The fundamental problem with hdparm is that because it bypasses most
of the kernel i/o stack, it is not compatible with DM/LVM, but I think
its a great prototype of what the kernel could do eventually.

==> from man hdparm

       --trim-sector-ranges
              For Solid State Drives (SSDs).  EXCEPTIONALLY DANGEROUS.
DO NOT USE THIS FLAG!!  Tells the drive firmware to discard unneeded
data sectors, destroying any data that may have been
              present  within  them.   This makes those sectors
available for immediate use by the firmware's garbage collection
mechanism, to improve scheduling for wear-leveling of the flash
              media.  This option expects one or more sector range
pairs immediately after the flag: an LBA starting address, a colon,
and a sector count, with no intervening  spaces.   EXCEP-
              TIONALLY DANGEROUS. DO NOT USE THIS FLAG!!

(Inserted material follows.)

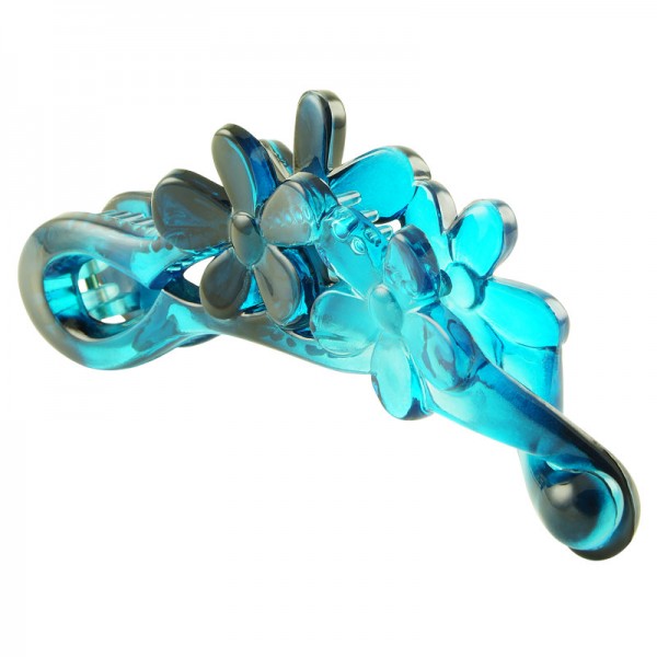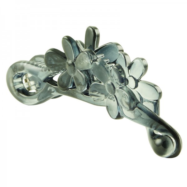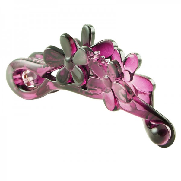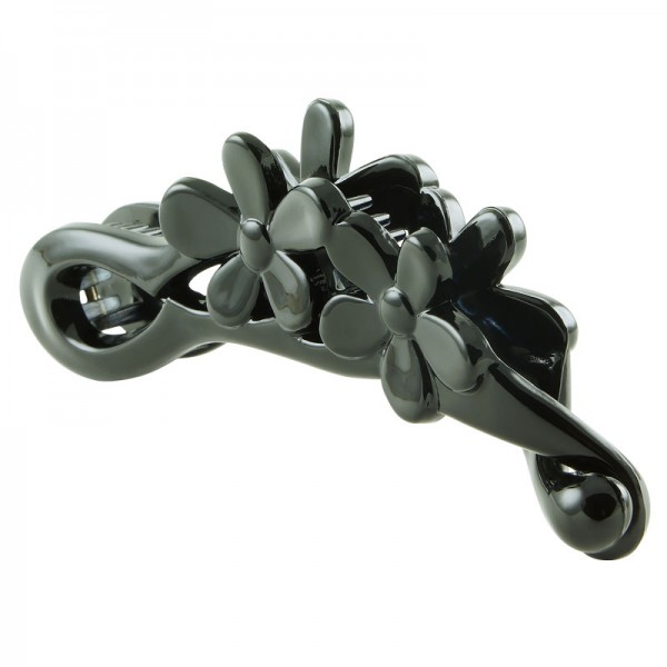 Smålyxig bananklämma av uthållig ABS-plast med två blomdekorationer på ovansidan. Robust kvalitet som klarar daglig användning.

              Eg.  hdparm --trim-sector-ranges 1000:4 7894:16 /dev/sdz

       --trim-sector-ranges-stdin
              Identical  to  --trim-sector-ranges above, except the
list of lba:count pairs is read from stdin rather than being specified
on the command line.  This can be used to avoid prob-
              lems with excessively long command lines.  It also
permits batching of many more sector ranges into single commands to
the drive, up to the currently  configured  transfer  limit
              (max_sectors_kb).
==>


>
> Greg> Is this patch actually enabling the block layer to initiate ATA
> Greg> multi-sector trim payloads, or is this only allowing the max
> Greg> payloads sectors to be queried?
>
> TRIM only takes 65535 blocks per entry.  So we need many entries to
> decribe a single, contiguous space being freed.  That's what's being
> bumped here.
>

Thanks, I did not appreciate that restriction and thus my confusion
about the patch

>
> Greg> Are there plans (or existing code) to accumulate trim ranges in
> Greg> the block layer and create trim commands with multiple sectors?
>
> I have worked on this on and off.  It's not trivial for several reasons.
> We discussed the issues at the storage workshop last week and there was
> concensus that the changes were too intrusive.  So we're holding off
> until we see what's happening with:
>
>      a) the SSD market. Win 7 also issues lots of small, individual
>         trims like we do
>
>      b) the TRIM TNG command that's being worked on in T13
>
> This doesn't mean that TRIM coalescing is impossible and that it will
> never happen.  But right now it appears to be more hassle than it's
> worth...

I believe it's almost trivial to coalesce non-contiguous ranges into a
single vector of ranges in the proposed fitrim() ioctl because it is
walking the filesystem structures looking for free ranges.  I assume
its just a matter of maintaining the locks long enough to ensure the
blocks being trimmed are not used by other filesystem code while the
ranges are being collected.

The bigger problem for now is that the block layer does not export a
way to pass in a vectorized list of ranges to discard.

> --
> Martin K. Petersen      Oracle Linux Engineering
>

Greg
--
To unsubscribe from this list: send the line "unsubscribe linux-ide" in
the body of a message to majordomo@vger.kernel.org
More majordomo info at  http://vger.kernel.org/majordomo-info.html
Mark Lord Aug. 19, 2010, 9:50 p.m. UTC | #4
On 10-08-19 02:05 PM, Martin K. Petersen wrote:
>I'm only aware of one drive that currently
> supports more than 512 bytes of payload and it also caps at 4KB.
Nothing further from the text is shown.